Try changing the value for delta-x and observe the change in the result. In practice, it is important to understand the level of precision required for a task; increasing the rate at which you sample the continuous function (i.e. decreasing delta-x) will decrease discretization error at the expense of increased computation time.
Playing with Linear Algebra
Matlab is a great tool to for experimenting with linear algebra.
Use the fact that inv() inverts a matrix to solve for X=(x,y,z):
```
   3*x + 4*y +   z = 9
   2*x -   y + 2*z = 8
     x +   y -   z = 0 
```
Verify that your "solution" works. Make sure that you give the answer in what you hand in.
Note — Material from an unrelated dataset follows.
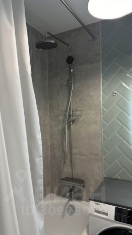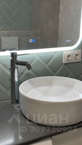 Ванная оборудована зеркалом с подсветкой и смесителем с термостатом, тропическим душем.

If there are more equations than unkowns, then, in the general case, "classically" the problem is over constrained and there is no solution. However, in this course, we will often be assuming that sych equations are approximations and have errors due to noise or other reasons, and that an exact solution cannot be found regardless. Thus we will want to find the "best" solution. This is konwn as solving the equations in the least squares sense. The solution for AX=b, where A has more rows than columns, is given by X=inv(A'*A)A'b, where inv(A'A)A' is known as the Moore-Penrose inverse of A. Use this to solve for X=(x,y,z) in:
```
   3.0*x + 4.0*y +  1.0*z = 9
   3.1*x + 2.9*y +  0.9*z = 9
   2.0*x - 1.0*y +  2.0*z = 8
   2.1*x - 1.1*y +  2.0*z = 8
   1.0*x + 1.0*y -  1.0*z = 0 
   1.1*x + 1.0*y -  0.9*z = 0 
```
What is the magnitude of the error vector, AX - b?
Recall that an eigenvector of a matrix A is a vector v, so that Av=kv, for some scalar constant k. If A is real and symmetric, then A has real eigenvalues and eigenvectors. Note that for a random matrix, R, R*R' is symmetric. (Try it!). The the matlab function eig() gives you eigenvectors and eigenvalues. Use these hints to give the TA a 3 by 3 matrix A, and a vector v, so that Av=kv, where k is a constant. In particular, the TA needs to see the output of Av./v which should be a vector of three elements that are all the same. Note that you will have to use the form of eig() that gives you two outputs (the default is just to give you one---you need to looks at the documentation).
Documenting Functions
When you create a new function, it should always be documented so that help returns something informative. The convention in Matlab is to place the help message in comments after the function declaration (the comment character is "%"). For an example, you can look at some of the code in the Matlab library. The jet command that we used above to set the colormap exists as some .m file on the system. Type which jet to locate it, and then use the type command to view the source code. You see that the first line of the comment contains a one-line description of the command. All subsequent contiguous comment lines are included in the help message. Document your hw1.m function in this style.

What to Hand In

Nothing. This is an optional assignment.